80 likes | 211 Views
Cross-Lingual IR. Salim Roukos IBM T. J. Watson Research Center 9/11/02. Assumptions for 2010 (Asilomar Report). 1 TB Mem, 1000 TB disk, 1B users, 1T devices=> 1b servers self-managing, very secure, and very reliable Auto-x: install, heal, adaptive, auto-tuning wizard
E N D
Cross-Lingual IR Salim RoukosIBM T. J. Watson Research Center 9/11/02
Assumptions for 2010 (Asilomar Report) • 1 TB Mem, 1000 TB disk, 1B users, • 1T devices=> 1b servers • self-managing, very secure, and very reliable • Auto-x: install, heal, adaptive, auto-tuning wizard • Information discovery: metadata for describing schema, cast operations • Federation across 1k, 1m databases • "Find the average enterprise-wide employee salary.“ • "Are there any really good Italian restaurants within 5 miles of where I live?"

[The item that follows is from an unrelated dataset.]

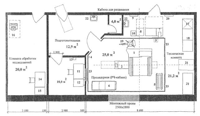 1.4. Все рабочие помещения (кабинеты в которых проводятся исследования) отделения должны располагаться вне зоны воздействия электромагнитных полей, в удалении от рентгенодиагностических кабинетов и кабинетов электросветолечения, в связи с тем, что исследования проводятся с использованием высокочувствительной электронной аппаратуры. При проектировании этих помещений следует учитывать следующие требования: необходимость устранения вибрационных помех, повышенные требования к шумозащите, а также устройство электроэкранов с заземлением.

Exploit multilingualinformation streams ………. ………. ……… ………. ………. ………. ……… ………. ………. ………. ……… ………. ………. ………. ……… ………. ………. ………. ……… ………. ………. ………. ……… ………. ………. ………. ……… ………. ………. ………. ……… ………. ………. ………. ……… ………. ………. ………. ……… ………. ………. ………. ……… ………. ………. ………. ……… ………. ………. ………. ……… ………. ………. ………. ……… ………. ………. ………. ……… ………. ………. ………. ……… ………. ………. ………. ……… ………. ………. ………. ……… ………. ………. ………. ……… ………. ………. ………. ……… ………. ………. ………. ……… ………. ………. ………. ……… ………. ………. ………. ……… ………. ………. ………. ……… ………. ………. ………. ……… ………. ………. ………. ……… ………. ………. ………. ……… ………. ………. ………. ……… ………. ………. ………. ……… ………. ………. ………. ……… ………. ………. ………. ……… ………. ………. ………. ……… ………. ………. ………. ……… ………. ………. ………. ……… ………. ………. ………. ……… ………. ………. ………. ……… ………. ………. ………. ……… ………. ………. ………. ……… ………. ………. ………. ……… ………. ………. ………. ……… ………. ………. ………. ……… ………. ………. ………. ……… ………. ………. ………. ……… ………. ………. ………. ……… ………. ………. ………. ……… ………. ………. ………. ……… ………. ………. ………. ……… ………. ………. ………. ……… ………. • - Xinhua • - SDA • AFP • AP • ... - Parallel vs comparable documents - Build Translingual search
X-lingual Retrieval: xxx Docs English Docs French Docs Chinese Docs online E => X MT E => C MT X => E MT “English” for gisting Query English Ranked Docs IR scoring Chinese Caveat: Machine Translation isn’t perfect and queries tend to be short.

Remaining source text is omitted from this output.